> **Record set**
········

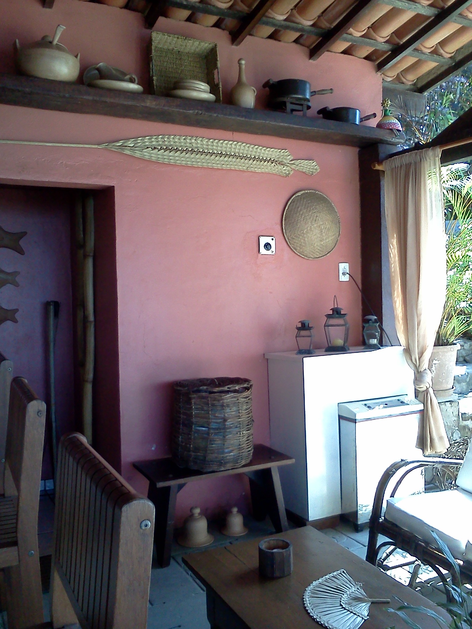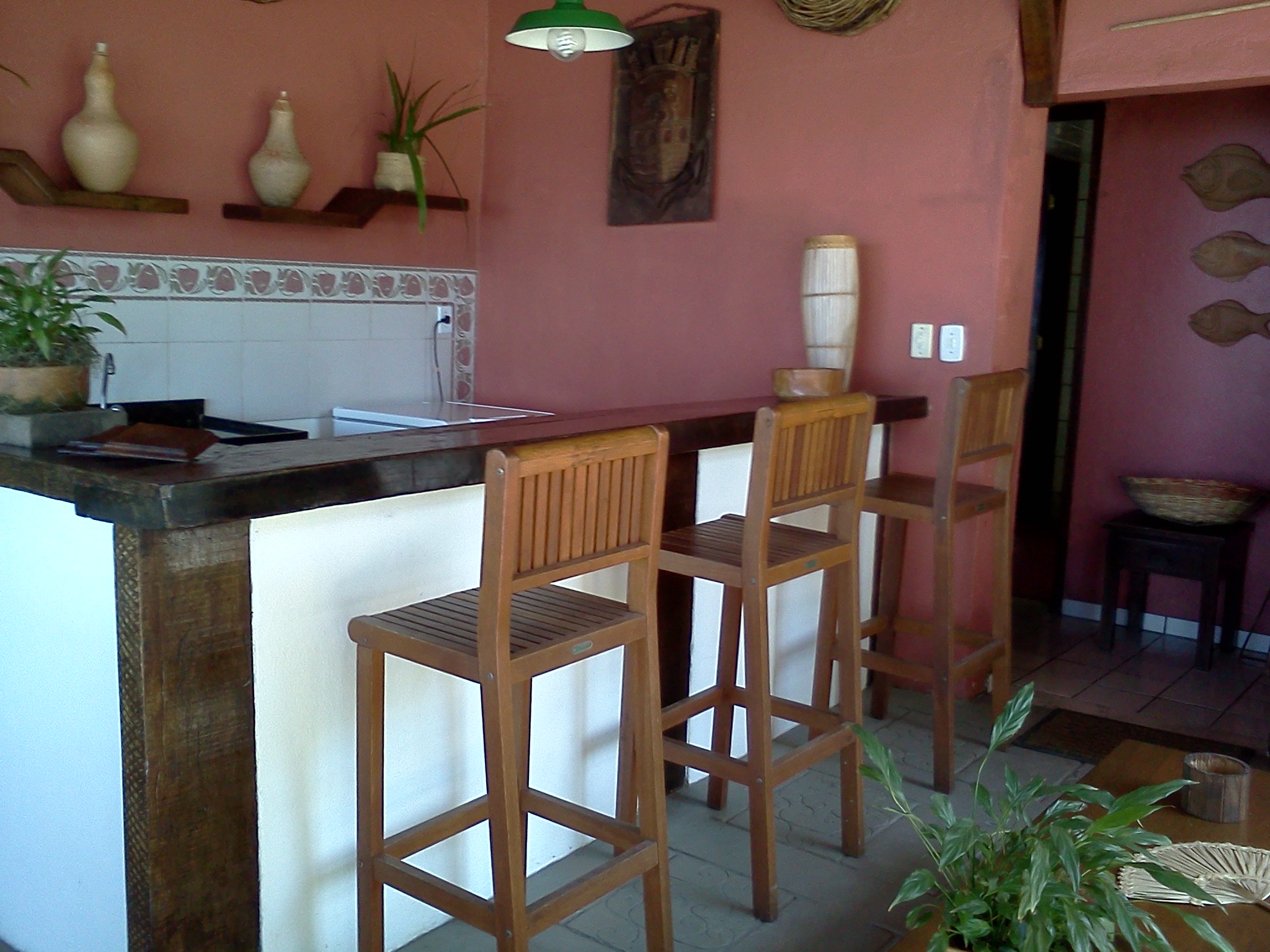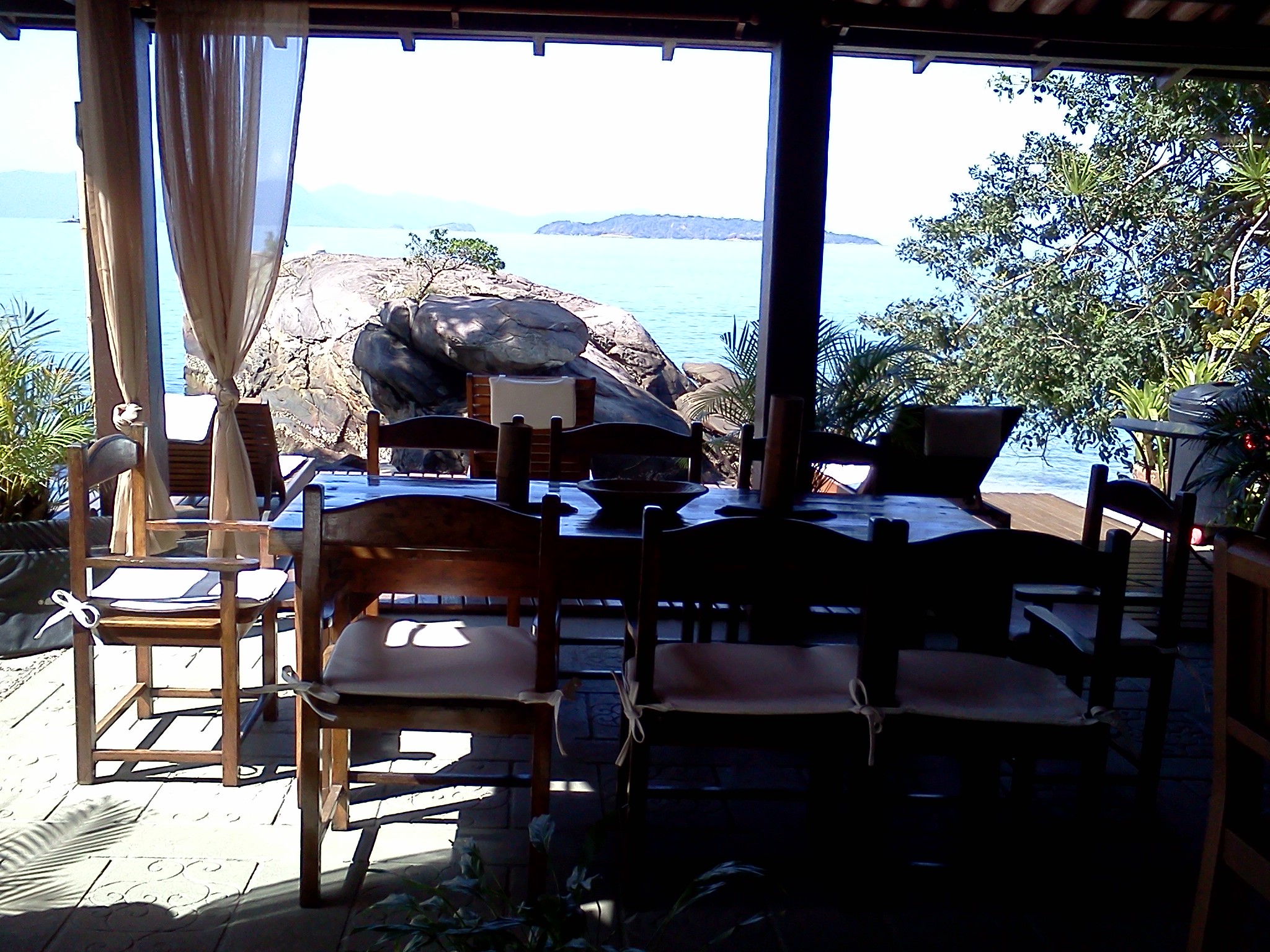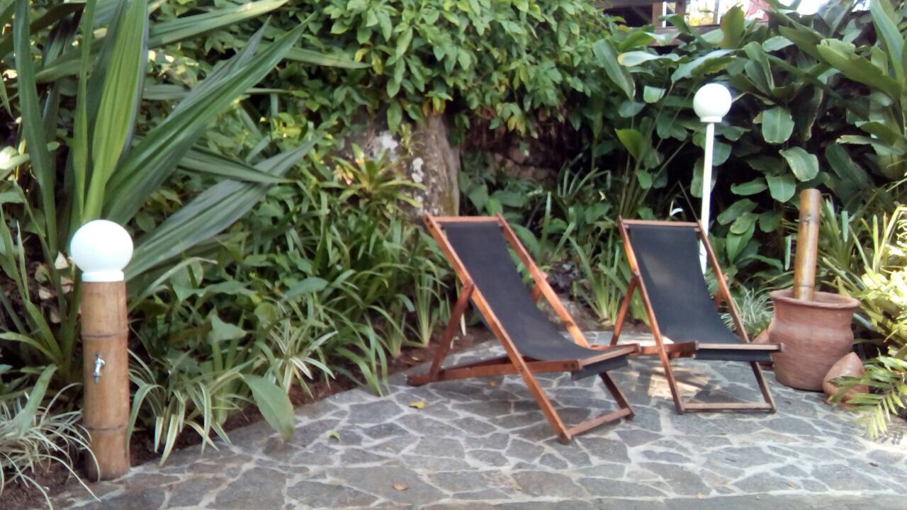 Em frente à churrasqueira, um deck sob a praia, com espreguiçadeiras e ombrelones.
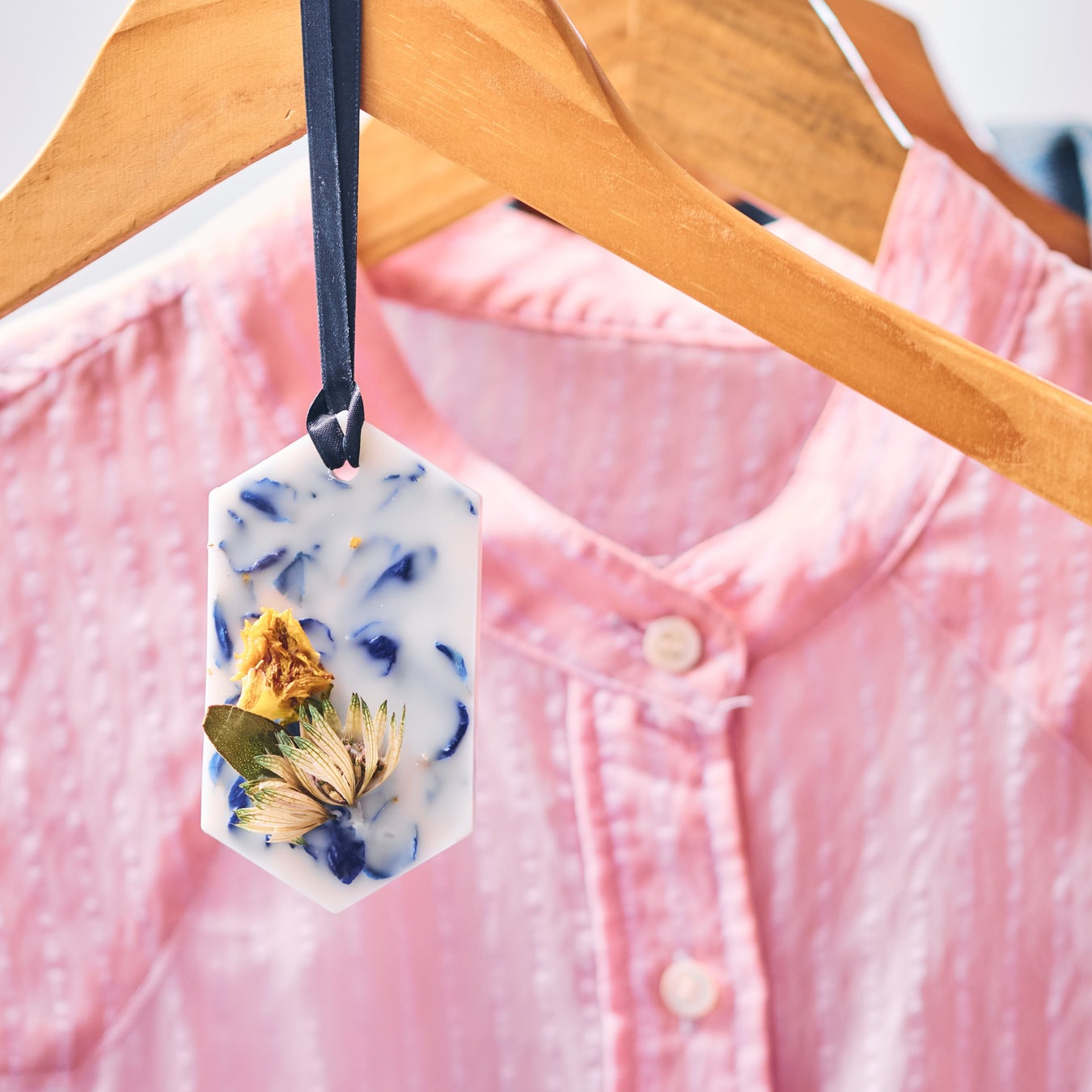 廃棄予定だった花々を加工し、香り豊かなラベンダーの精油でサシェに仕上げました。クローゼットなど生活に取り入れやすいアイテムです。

········

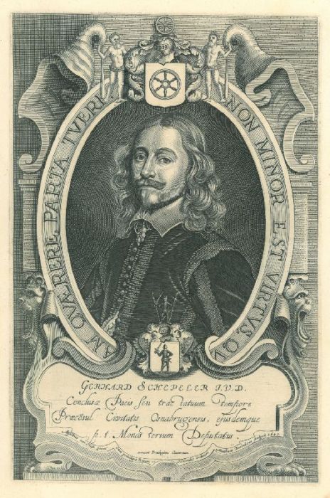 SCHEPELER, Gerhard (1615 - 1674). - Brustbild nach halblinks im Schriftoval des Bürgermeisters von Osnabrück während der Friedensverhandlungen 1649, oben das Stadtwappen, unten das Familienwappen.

········

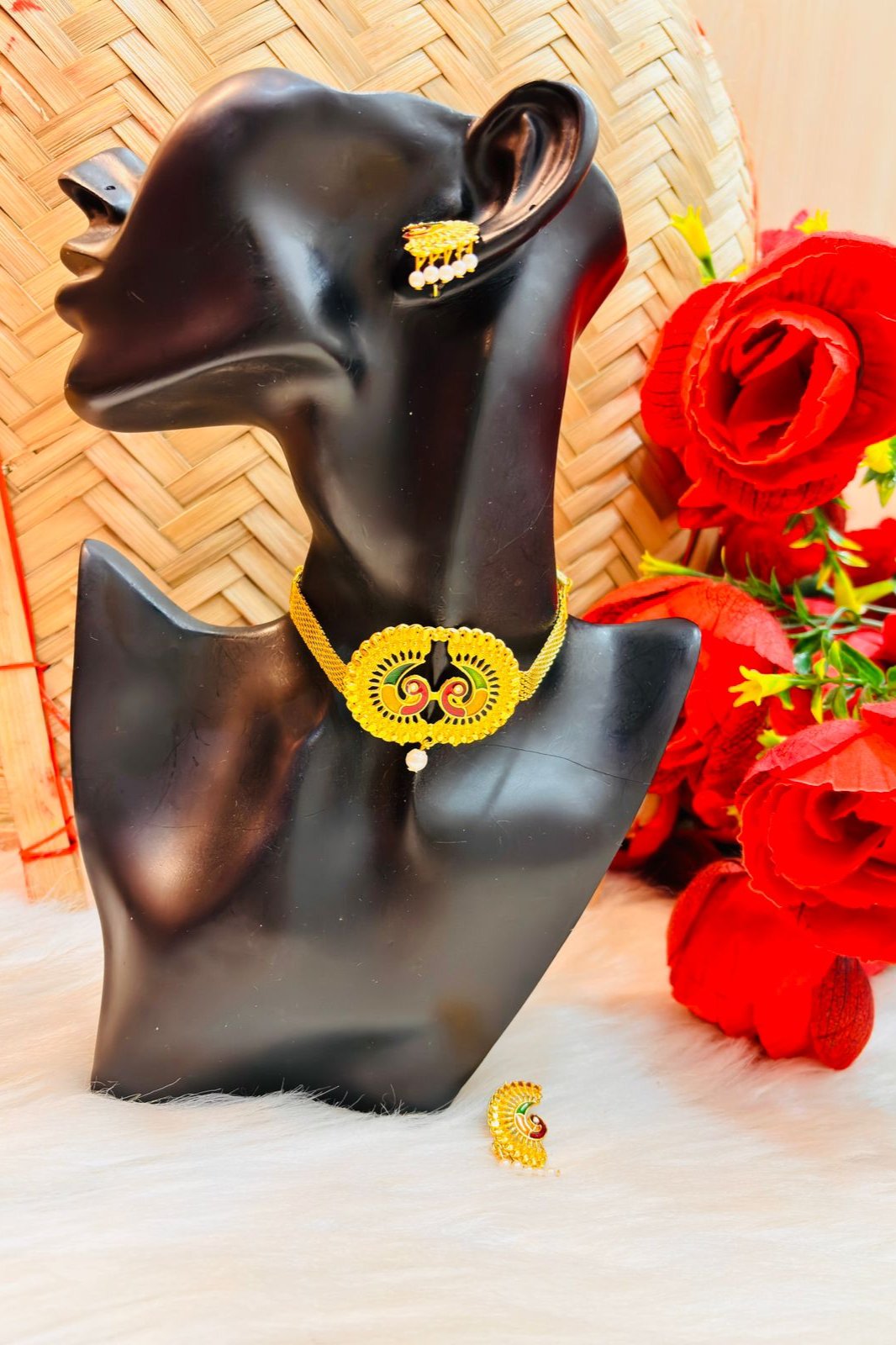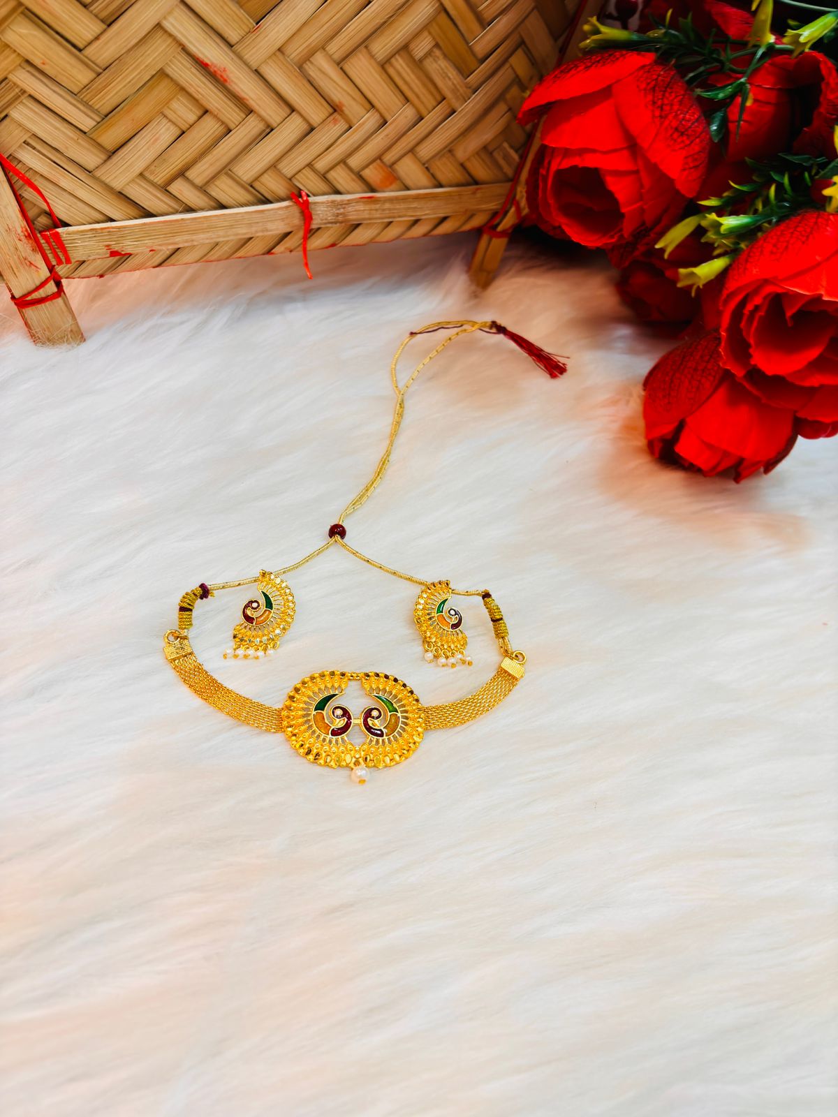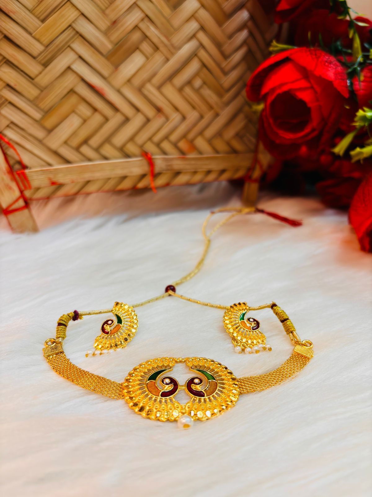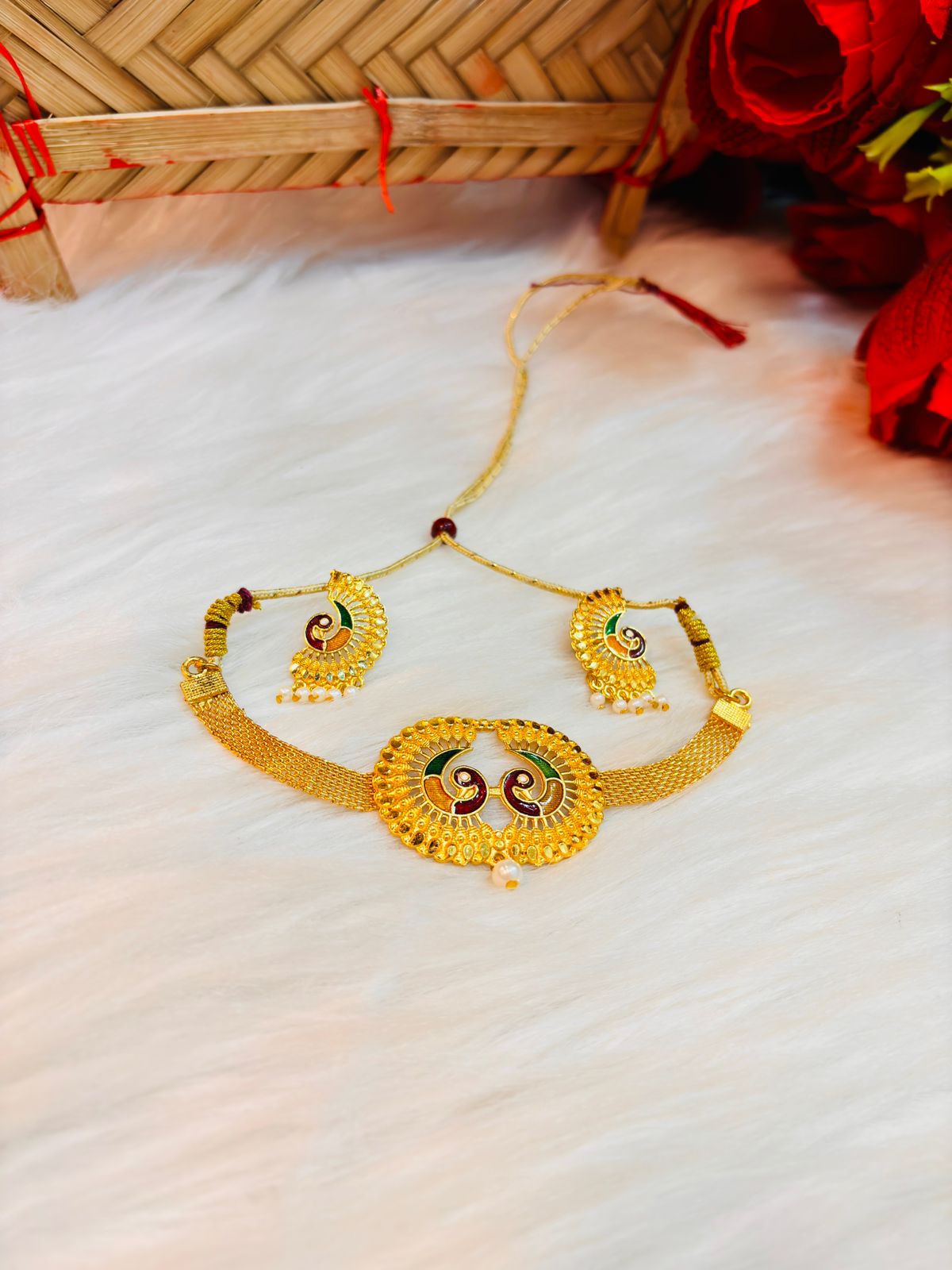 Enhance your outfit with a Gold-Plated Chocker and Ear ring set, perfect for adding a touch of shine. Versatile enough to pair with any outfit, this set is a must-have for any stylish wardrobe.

········

> **Exercise aim**
Look back over the records above. Reproduce exactly everything from the line with "Em frente à" down to the line with "廃棄予定だった花々を加工し、", inclusive, and leave the pictures out.

> **Exercise output**
 Em frente à churrasqueira, um deck sob a praia, com espreguiçadeiras e ombrelones.
 廃棄予定だった花々を加工し、香り豊かなラベンダーの精油でサシェに仕上げました。クローゼットなど生活に取り入れやすいアイテムです。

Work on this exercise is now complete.